→ **Problem description**: Locate the line containing "(无论是脸上画着南瓜图案还是贴着南瓜贴纸)" in the entries below, then retype it and every later line exactly, leaving out pictures.
═════ Input for this task ═════
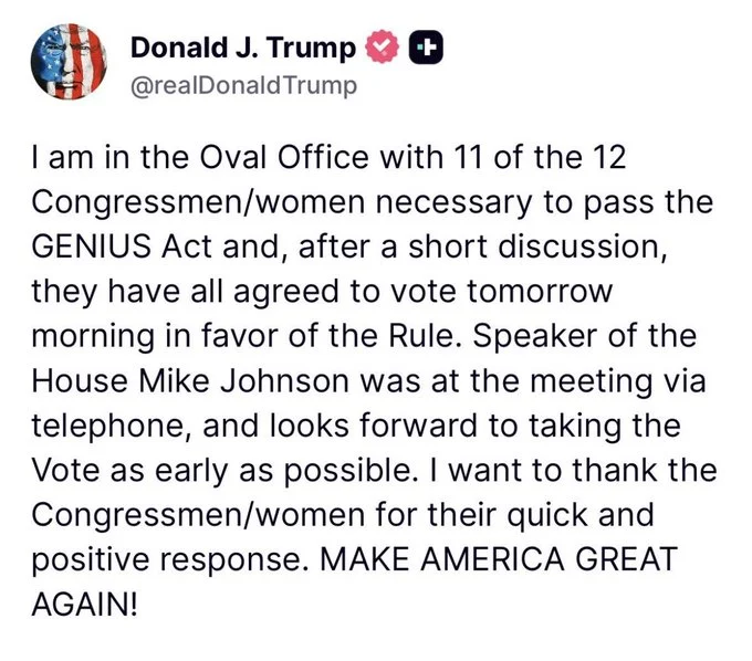 ต่อมา ทรัมป์ได้โพสต์ผ่าน Truth Social เปิดเผยว่าเขาได้หารือกับสมาชิกสภาผู้แทนราษฎรจำนวน 11 คน จากทั้งหมด 12 คนที่จำเป็นต่อการผลักดันร่างกฎหมาย GENIUS Act ให้ผ่านความเห็นชอบ โดยภายหลังการพูดคุยกันเพียงสั้น ๆ สมาชิกทั้งหมดก็แสดงความพร้อมที่จะลงคะแนนสนับสนุนร่างกฎหมายดังกล่าวในช่วงเช้าของวันพรุ่งนี้ ขณะที่ Mike Johnson ประธานสภาผู้แทนราษฎร ได้เข้าร่วมประชุมผ่านทางโทรศัพท์ และแสดงความหวังว่าจะสามารถจัดการโหวตได้โดยเร็วที่สุด
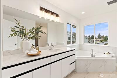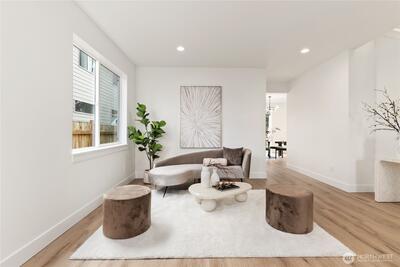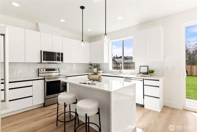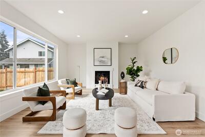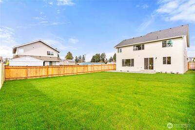 Beautiful new construction home tucked away on a quiet dead-end street in Tacoma! This spacious 2,493 sq ft residence offers 4 bedrooms plus office/bonus room, 2.5 baths, and 2 car garage. Enjoy 9 ft ceilings, abundant natural light, and upgraded carpet with premium pad. The stunning kitchen features modern cabinetry, full tile backsplash, large island, all appliances included, and a generous pantry. Living room and bright open family room with a cozy gas fireplace.Upstairs you'll find a flexible loft and bonus room, ideal for media, play, or workspace. The primary suite offers a true retreat with tiled bathroom floors, soaking tub, separate shower, and walk-in closet. Main bath also features tile flooring.Covered front porch and beautifully landscaped front and backyard, complete with a back patio and full concrete walkway for easy access. Fully fenced yard provides privacy and functionality. Built with upgraded insulation for efficiency and comfort year-round. No HOA. Convenient Taco
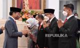 Presiden Jokowi (kiri) memberi ucapan selamat kepada Komisioner KPU dan Bawaslu periode 2022-2027 usai pelantikan di Istana Merdeka, Jakarta, Selasa (12/04/2022). Presiden mendorong Komisioner KPU dan Bawaslu yang baru dilantik untuk menyiapkan penyelenggaraan Pemilu dan Pilkada Serentak Tahun 2024. (FOTO : ANTARA /HO/Setpres-Lukas)
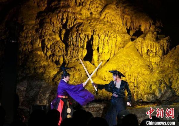 2024桂林艺术节期间,改编自鲁迅先生的同名短篇小说、取材于古代志怪小说“三王墓”这一奇幻传说的话剧《铸剑》在桂林的岩洞中上演。图为10月29日剧目在岩洞的演出现场。蒋丰慧 摄
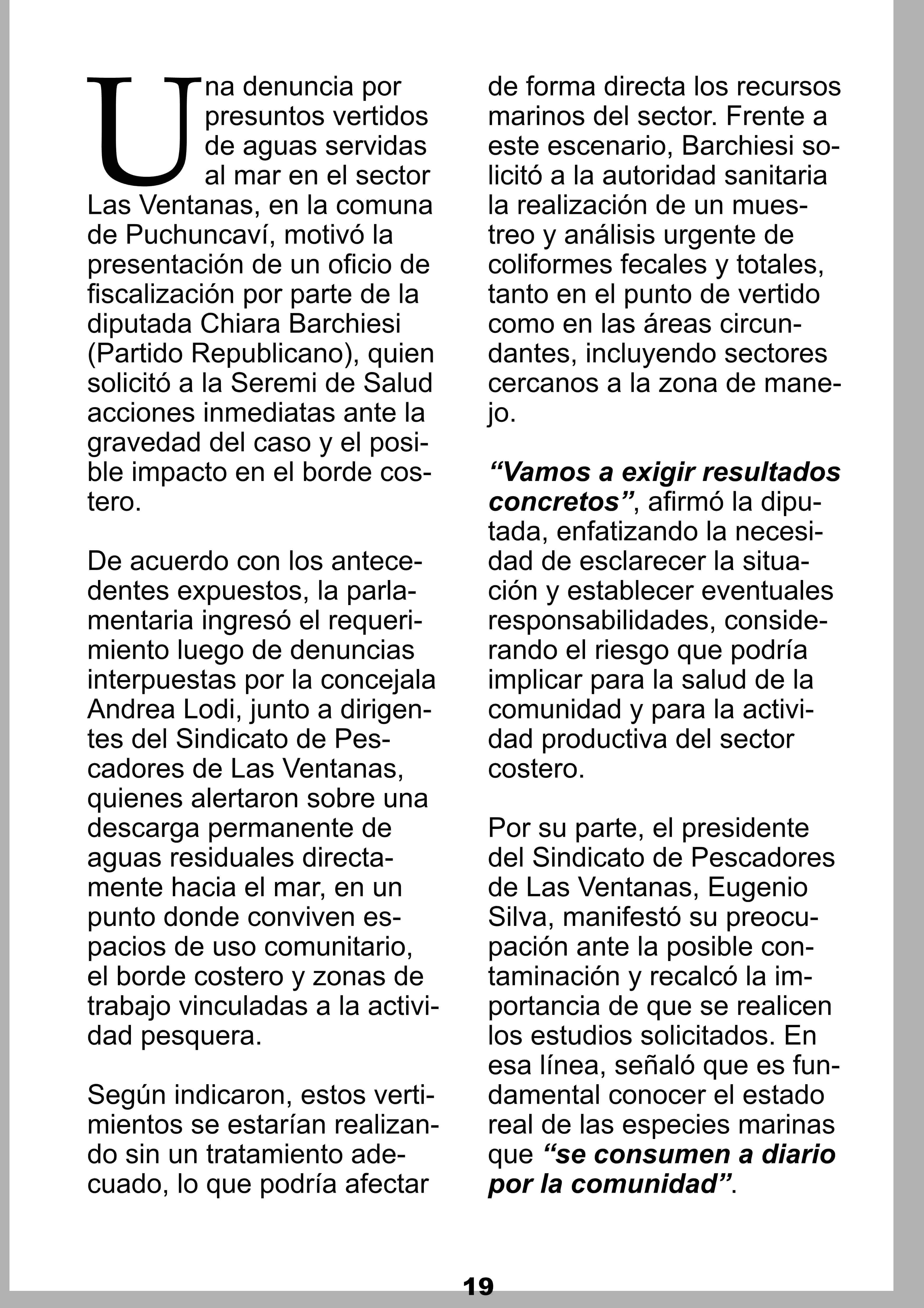 | Título: | Pescadores y diputada alertan en Puchuncaví por vertidos de aguas residuales en Las Ventanas |
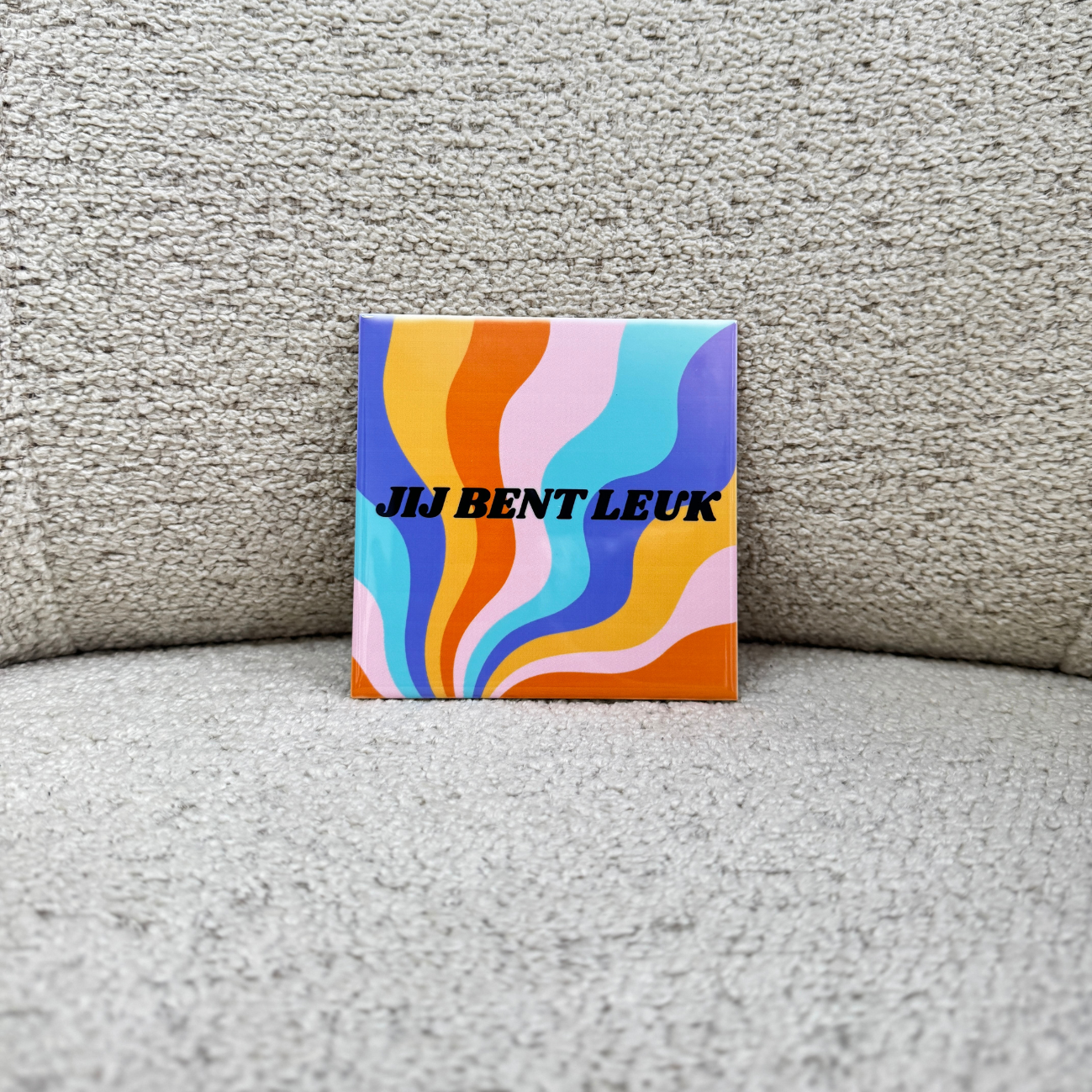 Dit kleurrijke tegeltje brengt de vrolijkheid in huis. Leuk als cadeautje voor iemand die wat extra liefde kan gebruiken of gewoon voor jezelf, want jij bent óók leuk!
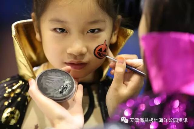 (无论是脸上画着南瓜图案还是贴着南瓜贴纸)
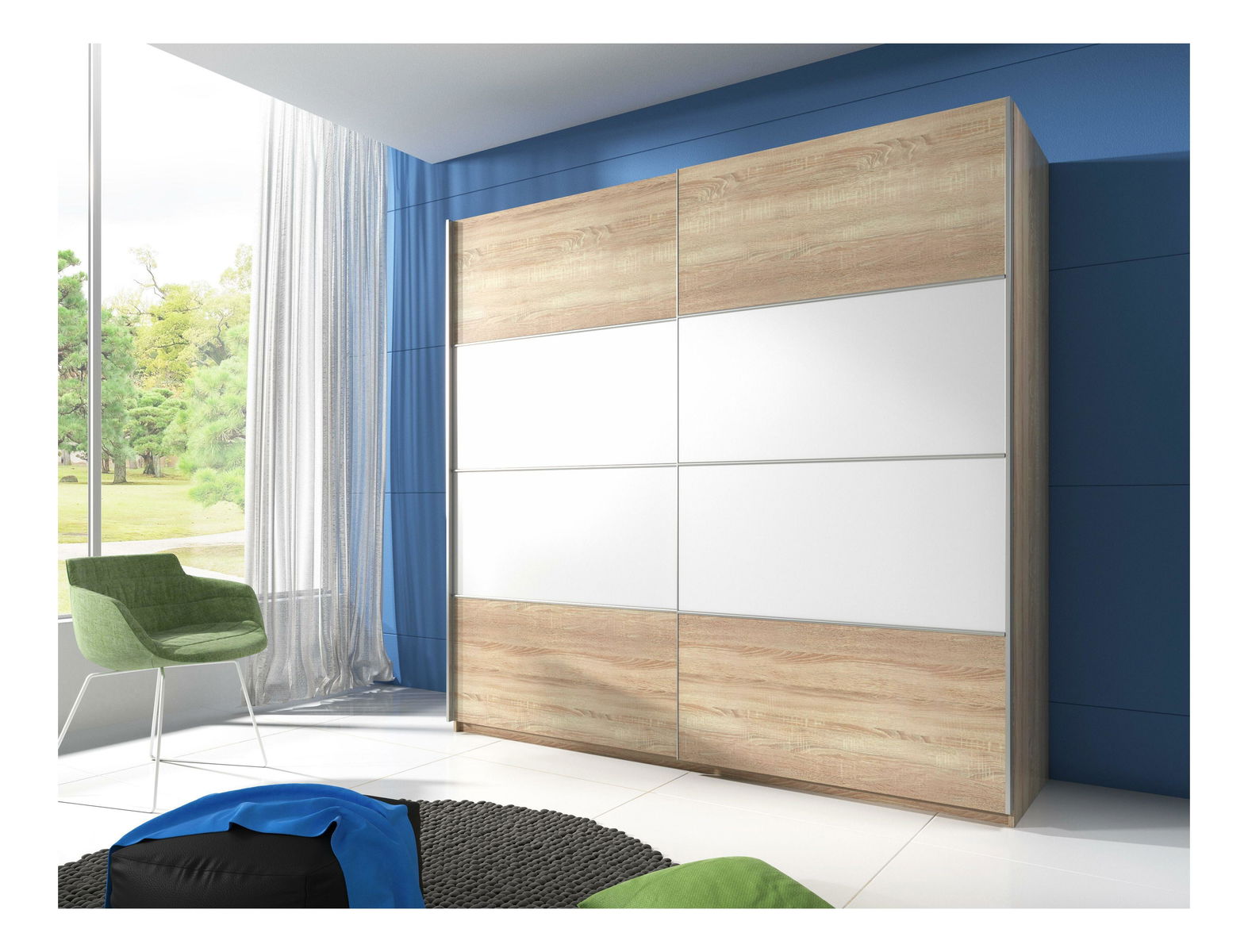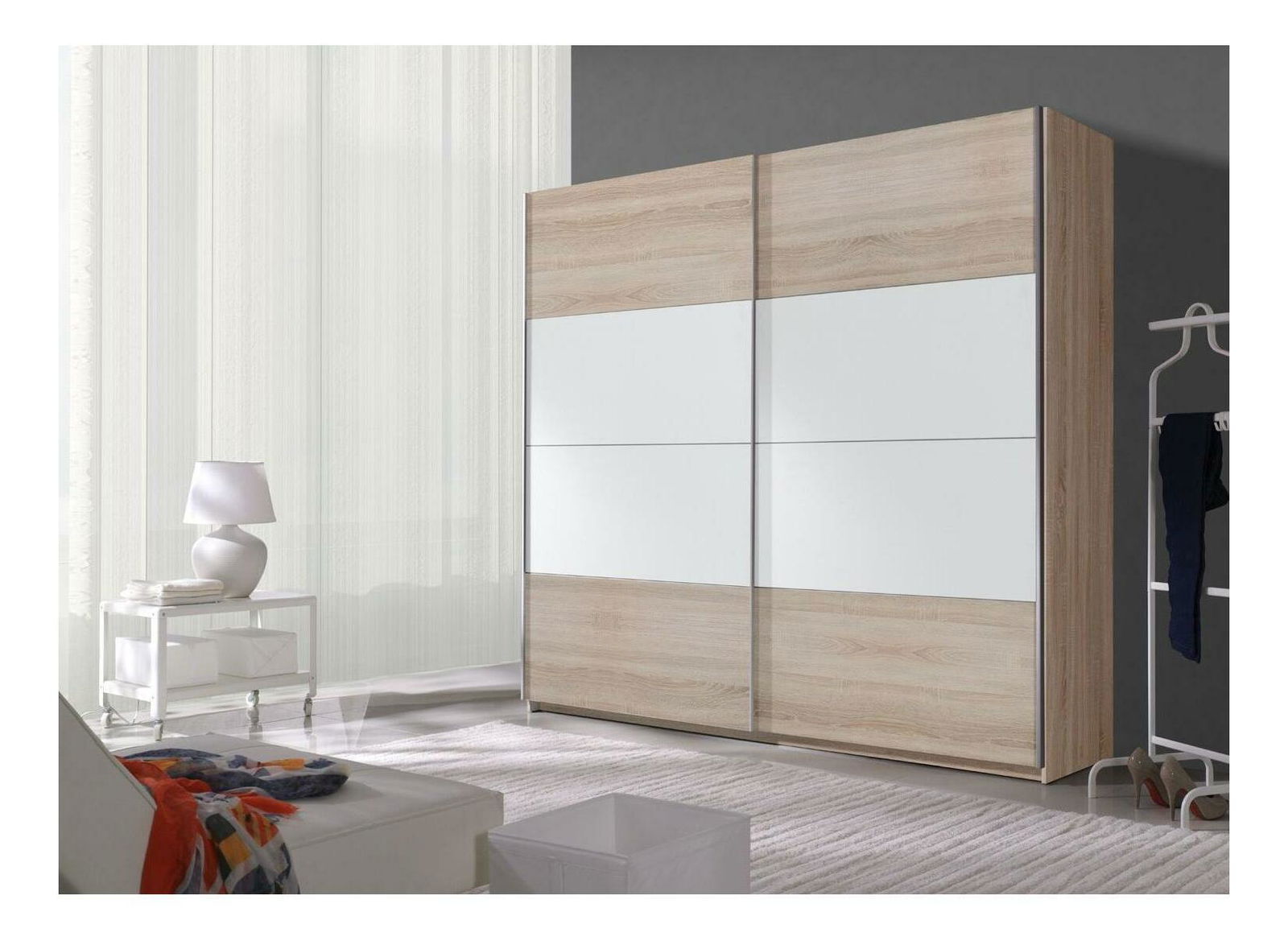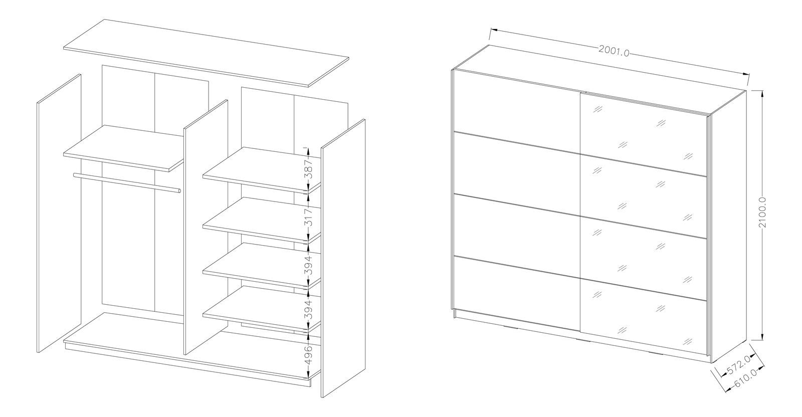 Kombinace policové a šatní skříně je praktickým doplňkem do ložnice nebo předsíně. V levé části můžete pověsit oblečení na šatní tyč a v pravé si oblečení poskládat do polic. Místo ušetří posuvné dveře, protože nemusíte počítat s prostorem na jejich otevírání. Skříň obsahuje i zrcadlo, které je umístěno na posuvných dveřích.
═════
→ **Output of the task**:
 (无论是脸上画着南瓜图案还是贴着南瓜贴纸)
 Kombinace policové a šatní skříně je praktickým doplňkem do ložnice nebo předsíně. V levé části můžete pověsit oblečení na šatní tyč a v pravé si oblečení poskládat do polic. Místo ušetří posuvné dveře, protože nemusíte počítat s prostorem na jejich otevírání. Skříň obsahuje i zrcadlo, které je umístěno na posuvných dveřích.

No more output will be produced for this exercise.